Капитан Нильсен неторопливо прихлебывал чай. Глядя на него, никто не подумал бы, что идет серьезный, напряженный разговор. Нет, внешне ничто не напоминало спора. И все-таки все мы, присутствовавшие при разговоре, понимали, что столкнулись два сильных, упорных человека и что между ними идет поединок.

Капитан Нильсен допил вторую кружку чая, и одновременно с капитаном допили свои кружки и матросы. И все трое поставили кружки на землю.

– Так как же вы ответите на мою просьбу? – спросил капитан Нильсен.

– Я рад был бы помочь товарищу, – сказал капитан Коновалов, – но, к сожалению, не могу. – Потом он повернулся и сказал Глафире: – Предложи гостям чаю, Глаша.

Глафира подошла с чайником, но капитан Нильсен закрыл свою кружку рукой, и за ним закрыли руками свои кружки оба матроса.

– Я больше не хочу, – сказал капитан Нильсен и встал.

– Может, господа матросы выпьют? – спросил любезно Фома Тимофеевич.

– Нет, – резко сказал Нильсен, – они больше не хотят. Спасибо за угощение. Оле, Христиан.

Матросы встали, как по команде. Встал и Фома Тимофеевич.
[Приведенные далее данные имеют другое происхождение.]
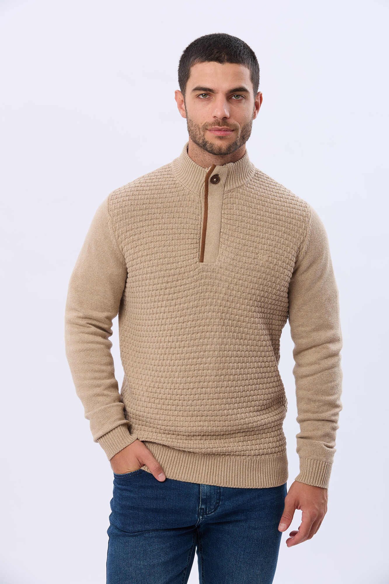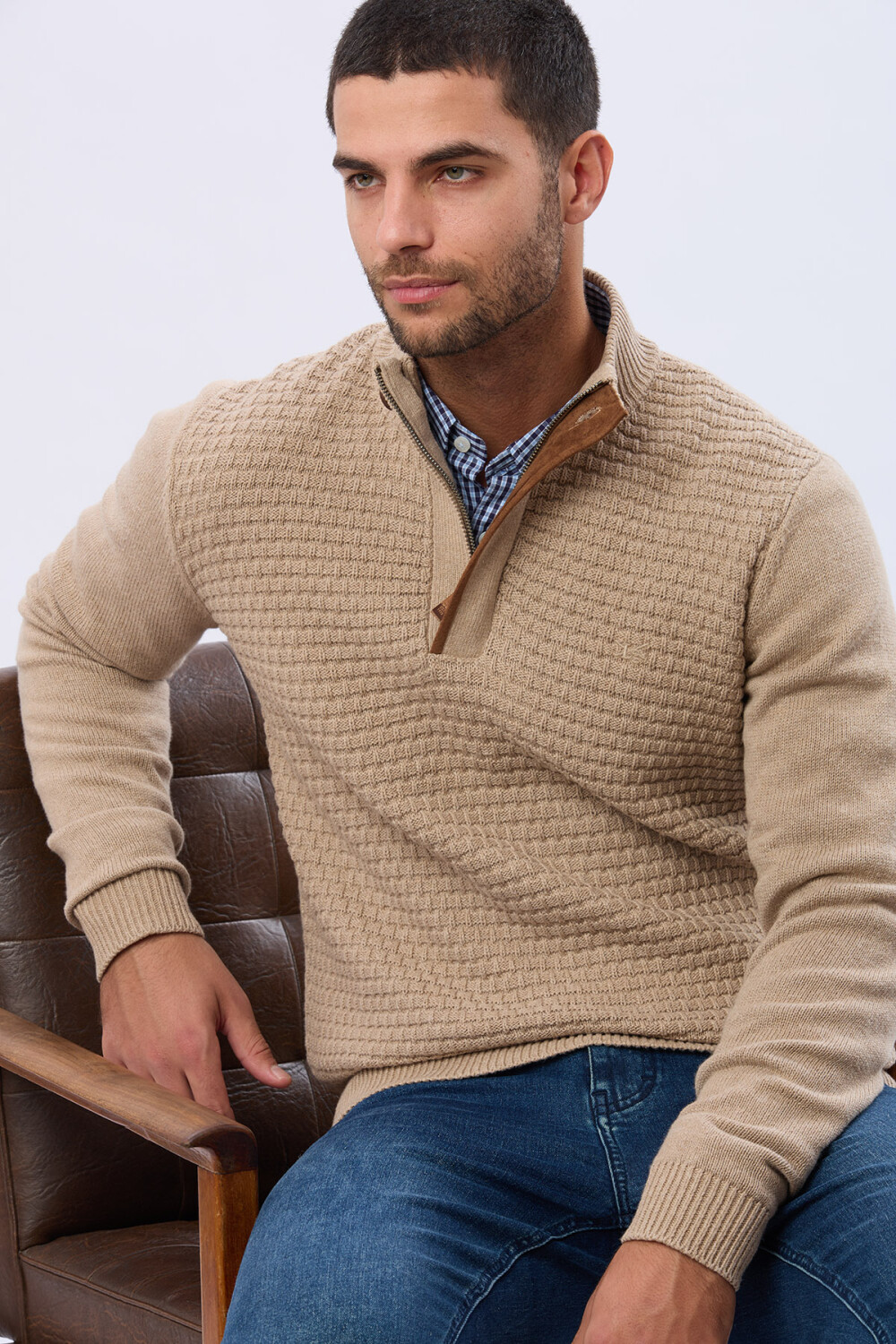 Buzo liso de abrigo en tejido grueso texturado, diseñado para combatir las bajas temperaturas. Cuello con cierre con detalle en gamuza. Estilo versátil, ideal para un look de invierno definido y confortable. El modelo mide 1,82 m y usa talle M.

– Простите, господин капитан, – сказал он, – я расшибся при высадке. Я нездоров. Я пойду полежу. Располагайтесь на нашем советском острове, как вам будет удобно.

Он церемонно поклонился, и таким же церемонным поклоном ответил ему капитан Нильсен.

Конечно, Фома Тимофеевич действительно чувствовал еебя нехорошо, это было видно. И все-таки мне казалось, что за этой фразой стоит не просто сообщение о своем нездоровье. Мне показалось, что Фома Тимофеевич хотел сказать другое: если, мол, так, дорогой друг, Генрих Нильсен, если, мол, ты не хочешь нас, потерпевших кораблекрушение, доставить в советский порт, то, стало быть, нам с тобой и толковать не о чем. Мешать я тебе не буду, я правила моряцкого товарищества знаю и соблюдаю, но дела с тобой иметь не хочу. И кажется мне, что капитан Нильсен эти не сказанные Фомой Тимофеевичем слова отлично понял.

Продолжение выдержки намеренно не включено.